Sopas en un caparazón
Una historia metabólica de las Islas Galápagos
Hubo un tiempo en que las islas eran solo costras de suelos rojos y negros, lava solidificada, a mil kilómetros de Ecuador, esparcidas en un fragmento del Pacífico. Permanecieron allí, lejos del resto del mundo, durante cientos de miles de años. Con el tiempo, la materia orgánica descompuesta comenzó a estratificarse sobre las rocas, sentando las bases para la vida. Aferradas a troncos a la deriva, ciertas criaturas llegaron y permanecieron. Los primeros colonos humanos pisaron las islas alrededor del siglo XVII: los balleneros.

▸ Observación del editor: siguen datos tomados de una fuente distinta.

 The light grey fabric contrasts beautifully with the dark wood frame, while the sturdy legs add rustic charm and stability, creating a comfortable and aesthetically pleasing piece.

Sin embargo, la mayoría de los colonos llegaron mucho después, en los años sesenta, desde el continente. Entre ellos estaba la bisabuela de Ina—un nombre ficticio—, una mujer de San Cristóbal que se subió a un barco para dejar la tierra firme para siempre. Esta historia proviene de las palabras de Ina, de nuestras largas conversaciones en una cabaña, en lo profundo de El Progreso, recogiendo granos de café y hablando de la vida entre la niebla sagrada que brotaba del bosque lluvioso, con velas iluminando la noche como en un cuento de Sepúlveda.

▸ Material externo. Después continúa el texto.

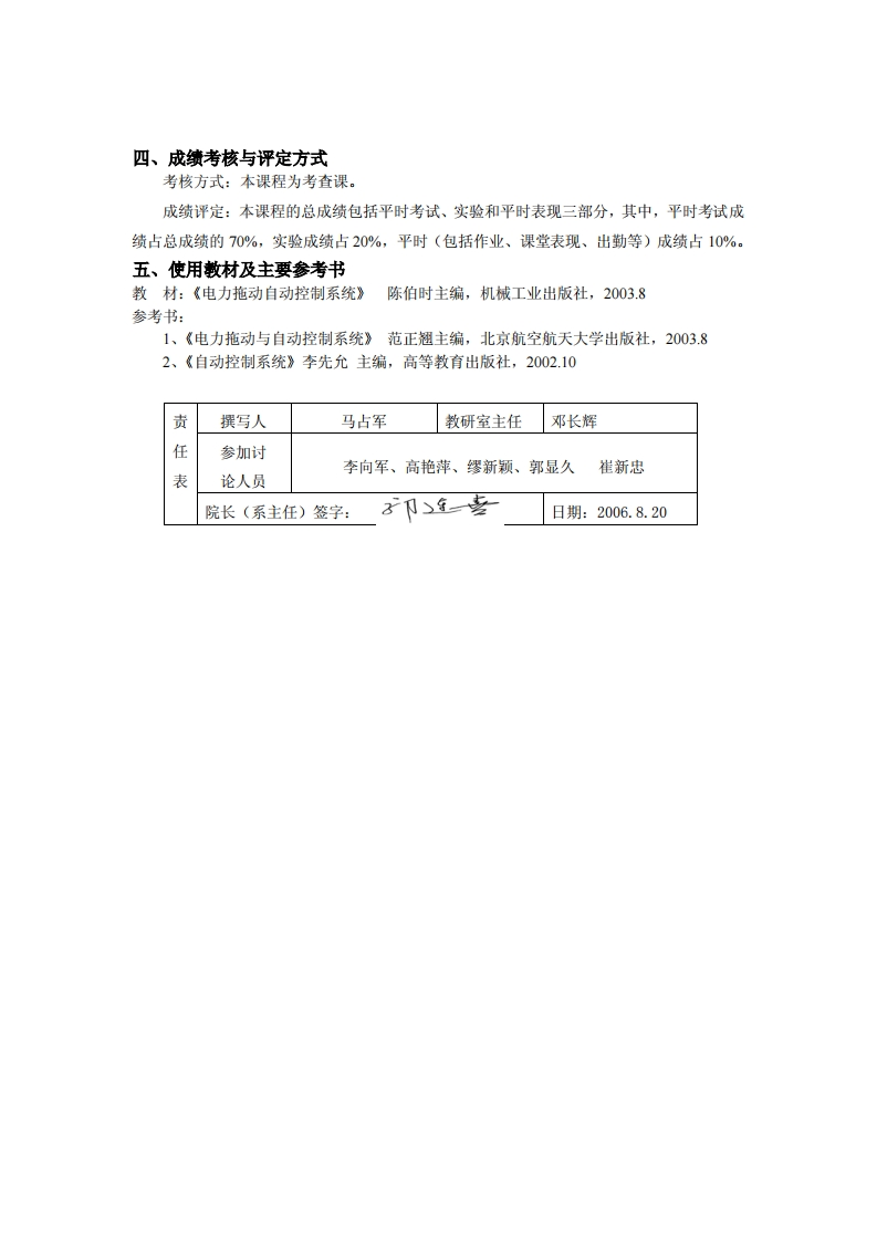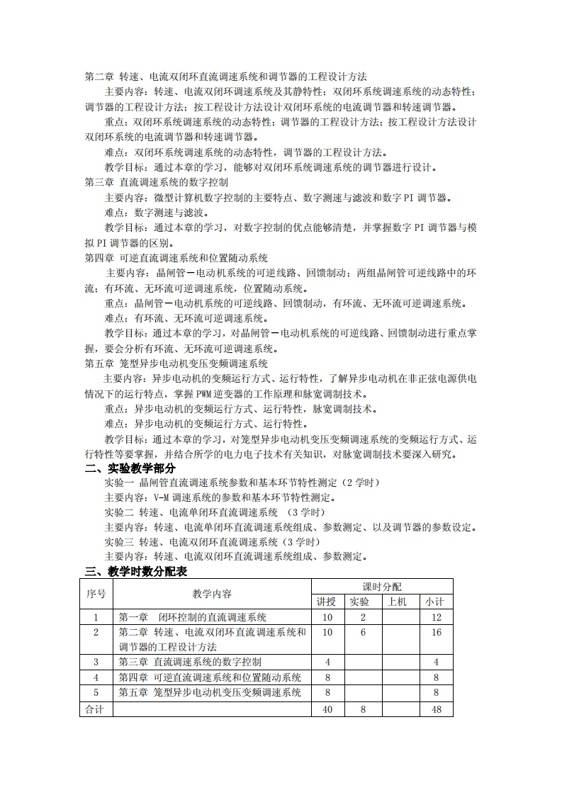 《自动控制系统》教学大纲课程编码:330521课程英文名称:Automatic Control System学时数:48学分:3适用专业:自动化教学大纲说明一、课程的性质、教学目的与任务课程性质:《自动控制系统》是自动化专业的必修课。教学目的与任务:通过本课程的学习,使学生掌握闭环控制直流调速系统的组成、特性、调速方法等:转速、电流双闭环直流调速系统和调节器的工程设计的组成、静特性,调节器的设计方法等:可逆直流调速系统和位置随动系统的概念、组成、静特性等。自动控制系统实验是本课程的重要实践环节,使学生掌握自动控制系统原理和方法,初步掌握对系统分析方法的能力。二、课程教学的基本要求通过本课程的学习,使学生能够对电力拖动自动控制系统-运动控制系统有总体的理解和掌握,激发学生的积极性:在授课过程中主要采用电子教案的形式,对于重点内容结合板书进行讲解,学生通过本课程的学习应达到以下要求:对理论课教学内容要求学生具有掌握用系统的观点如何分析电力拖动自动控制系统。具备设计电力拖动自动控制系统的能力以及正确运用理论解决实际问题。三、本课程与相关课程的关系先修课程为:模拟电子技术、数字电子电路、自动控制原理、电路、电机与拖动原理等。后续课程为:计算机控制技术、电力电子技术等。四、新大纲的改革说明教学大纲一、理论教学部分第一章闭环控制的直流调速系统主要内容:直流调速系统用的可控直流电源,晶闸管-电动机系统的主要问题:直流脉宽调速系统的主要问题,反馈控制闭环调速系统的稳态、动态分析与设计:积分、比例积分控制规律:无静差调速系统:电压反馈电流补偿控制的调速系统。重点:反馈控制闭环调速系统的稳态、动态分析,积分、比例积分控制规律:无静差调速系统:电压反馈电流补偿控制的调速系统。难点:反馈控制闭环调速系统的动态分析,无静差调速系统:电压反馈电流补偿控制的调速系统。教学目标:引导学生对直流调速有个初步的认识,并对反馈控制闭环调速系统的稳态、动态分析与设计以及无静差调速系统、电压反馈电流补偿控制的调速系统等重点介绍。了解直流调速与交流调速的不同。

Los bisabuelos de Ina tenían una finca en lo que solía ser el sur de Ecuador. Cuando las tropas peruanas ganaron la guerra, perdieron sus tierras y partieron, sin regresar jamás. En 1954, empacaron lo que pudieron—no mucho—y llegaron a Floreana. Floreana fue el primer asentamiento humano. Hoy, florece nuevamente, pero sin humanos.
El barco llegaba al puerto una vez al mes, transportando sacos de harina, mazorcas de maíz, petróleo para lámparas, medicinas y herramientas de trabajo. Los colonos veían aparecer la embarcación como un espejismo y recibían el sonido de sus bocinas como campanas en un día festivo. Para los primeros habitantes de las islas, cultivar sus propios alimentos era crucial, y las familias intercambiaban lo que necesitaban: un barril de plátano verde y maduro, un saco de café.
El saco de yute que alguna vez había contenido papas de la Sierra se cosía para convertirse en un par de pantalones. Tres puñados de pescado salado podían intercambiarse por un pollo desplumado. Desde las raíces del primer enclave, la vida se extendió por las islas hasta el presente.
Vista de las casas de los trabajadores, Hacienda El Progreso, 1888. Universidad de Victoria.
Al principio, los galapagueños vivían de la pesca, persiguiendo los cardúmenes que se acercaban a las islas, atraídos por la abundante corriente de Humboldt y la próspera vida que se formaba a su alrededor. En tierra, despejaban piedras con sus picos, apilaban hojas y materia vegetal para formar algo de suelo fértil. Como es común en muchas islas, los animales de granja se convirtieron en una parte fundamental de las despensas vivientes que proveían alimento. Algunos de los chanchos llegaron con los hombres en barco, solo para escapar y volverse salvajes. Entonces, los cazaban. Lo mismo sucedió con gatos, perros y cabras.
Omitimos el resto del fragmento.